**Task goal:**
For the material below, the expected output is exactly the lines between the line holding "棉麻、苧麻、或者冰絲的闊腿褲" and the line holding "Rolle mit erfrischenden", inclusive, with pictures left out.

**Material shown:**
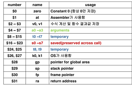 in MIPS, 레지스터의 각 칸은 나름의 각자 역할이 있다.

---

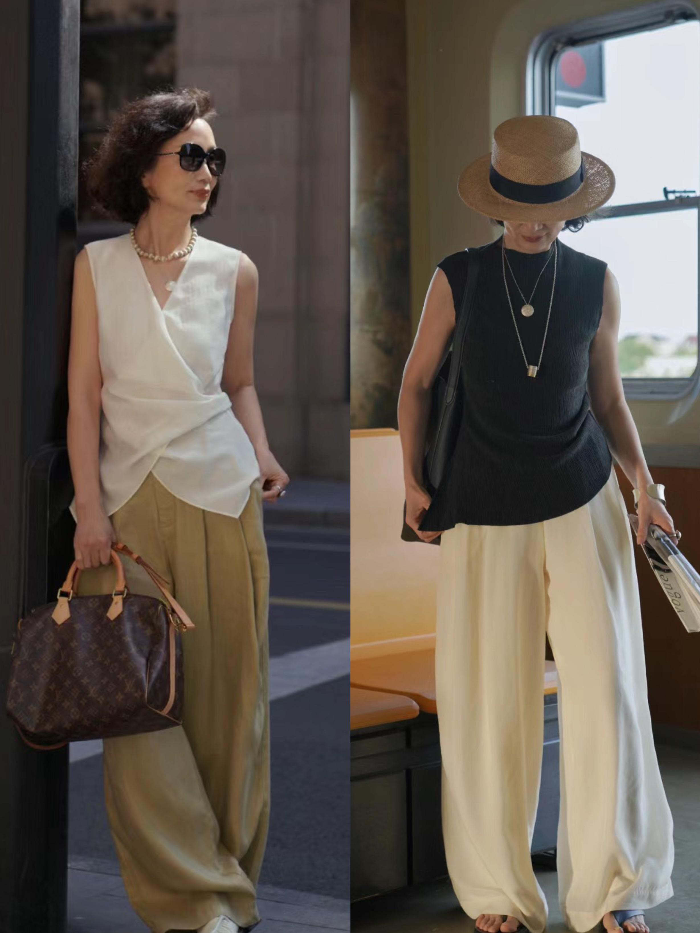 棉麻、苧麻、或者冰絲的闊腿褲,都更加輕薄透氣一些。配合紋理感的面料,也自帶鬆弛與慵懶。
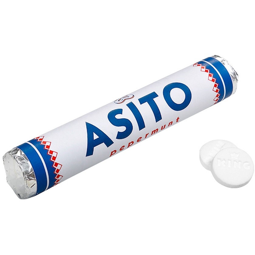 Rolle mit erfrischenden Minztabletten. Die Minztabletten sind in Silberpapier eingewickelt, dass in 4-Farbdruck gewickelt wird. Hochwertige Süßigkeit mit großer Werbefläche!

**Task output:**
 棉麻、苧麻、或者冰絲的闊腿褲,都更加輕薄透氣一些。配合紋理感的面料,也自帶鬆弛與慵懶。
 Rolle mit erfrischenden Minztabletten. Die Minztabletten sind in Silberpapier eingewickelt, dass in 4-Farbdruck gewickelt wird. Hochwertige Süßigkeit mit großer Werbefläche!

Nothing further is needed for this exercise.